Center for Policy Alternatives
CPA - Header Photo

Bottle Bill

Americans trash more than 135 billion beverage bottles and cans every year.1
Billions more bottles and cans end up as litter on streets and sidewalks, in parks and streams, and on beaches and playgrounds. Wasted bottles and cans strain our nation’s landfills and mar our roadways and recreational areas.
The replacement of billions of wasted cans and bottles consumes an enormous amount of energy and resources.
The environmental consequences of wasted containers are not confined to landfills, parks and beaches. The generation of the energy needed to replace wasted bottles and cans results in 4.5 million tons of greenhouse gas emissions and hundreds of thousands of tons of toxic air and water pollutants.2 Some container manufacturing processes require an especially large quantity of energy—particularly aluminum smelting. The energy used to replace wasted beverage containers in 2002 could have provided a one-year supply of electricity for two million American homes.3
Beverage container recycling rates have declined and container waste has increased.
Recycling rates for aluminum cans—the most valuable material in the waste stream—was only 45 percent in 2004, down from a high of 65 percent in 1992. In 2004, 810,000 tons of aluminum beverage cans were wasted, up from 550,000 tons in 1992. Seven million tons of glass and plastic beverage bottles were also wasted.
Container deposit laws—or “bottle bills”—offer an effective system to recycle bottles and cans and prevent beverage container litter.
Studies indicate that the states with container deposit systems recycled an average of 490 containers per capita. In contrast, the nation’s 40 non-deposit states recycled only 191 containers per capita. In other words, states with bottle bills recycle 150 percent more per capita than states without bottle bills.
Refundable deposits provide a financial incentive to recycle at no cost to taxpayers.
Unlike curbside and drop-off recycling programs, which are best suited for residential recycling in suburban areas, refundable deposit programs work everywhere. Also, unlike municipal or county-run programs, container deposit systems are funded by the beverage industry at a cost of about 1.5 cents per six-pack.4 No tax dollars are needed.
Local governments do not lose revenue when bottle bills are implemented.
Opponents of bottle bills claim that container deposits will “rob” municipal curbside recycling programs of the valuable aluminum beverage cans that generate revenues to cover the cost of collection of other recyclables. However, such revenues do not completely cover the cost of collection. The costs to collect and process bulky low-cost glass and plastic bottles alone far outweigh the revenue generated by aluminum cans. The tremendous growth in bottled water sales means that the quantity of discarded plastic bottles is increasing. This trend poses a far greater threat to municipal curbside revenues than deposit laws.
Eleven states have enacted container deposit laws.
California, Connecticut, Delaware, Iowa, Maine, Massachusetts, Michigan, New York, Oregon and Vermont all have used container deposit systems for more than 15 years. Hawaii’s bottle bill was implemented in January 2005. With the exception of Delaware, which exempts aluminum cans, all these states require refundable deposits—ranging from 1.5 cents in California to 10 cents in Michigan—on all beer and carbonated soft drink cans and bottles.

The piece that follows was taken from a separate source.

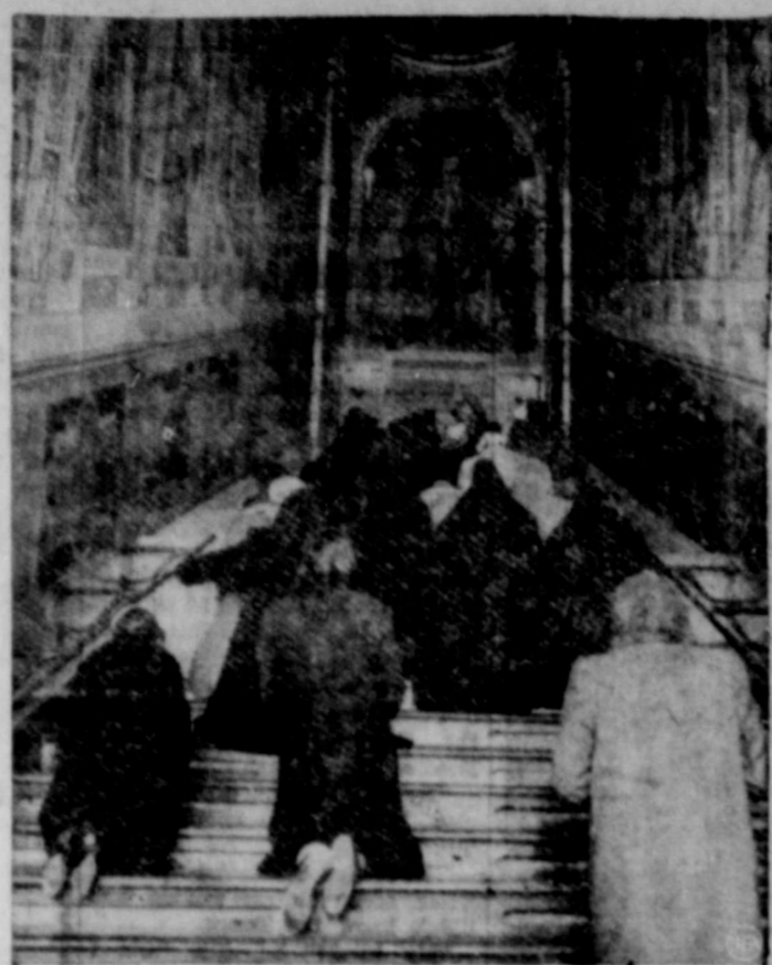
PRAYERS AT HOLY STAIRS—Visitors to Rome for the Holy Year kneel in prayer on the Holy Stairs, one of the city's most sacred monuments. The "Scala Santa," facing the Basilica of St. John in Lateran, is a flight of 28 marble steps from the palace of Pilate. Legend says these are the same steps up which Jesus walked to his trial.

In eight of the 11 states, deposits cover beer and soda only. California, Hawaii and Maine also cover carbonated juices, iced teas, sports drinks and bottled water. In five bottle bill states (CA, HI, MA, MI, ME), some or all unclaimed deposits become the property of the state and are used variously to promote recycling education, to administer the deposit system, to fund environmental programs, and to supplement the General Fund. Bottlers and distributors in the other states keep the unredeemed deposits.
In states with container deposit laws in effect, public support is overwhelming.
Bottle bills enjoy widespread public support. Opinion surveys in Iowa and Massachusetts showed support for expansion of their deposit laws at 85 percent and 84 percent respectively. A 1993 nationwide poll by Peter D. Hart and Associates found that three of every four Americans supported a national bottle bill.

This policy summary relies in large part on information from the Container Recycling Institute.

Endnotes
  1. Derived by the Container Recycling Institute using data from “Municipal Solid Waste in the US: 2000 Facts and Figures,” OSW/ER (5305W) EPA530-R-02-001, June 2002; “Greenhouse Gas Emissions from Management of Selected Materials in Municipal Solid Waste,” USEPA 530-R-98-013, September 1998; “Aluminum Can Reclamation,” Aluminum Association, 2001; U.S. Department of Commerce (private communication, 2001); and “2000 National Post-Consumer Plastics Recycling Report,” R.W. Beck for the American Plastics Council, 2001.
  2. Pat Franklin and Jennifer Gitlitz, “The 10¢ Incentive to Recycle,” Container Recycling Institute, February 2004; figures updated by personal communication with Jennifer Gitlitz, February 2006.
  3. Ibid.
  4. Businesses and Environmentalists Allied for Recycling, “Understanding Beverage Container Recovery: A Multi-Stakeholder Recovery Project - Stage 1,” January 2002.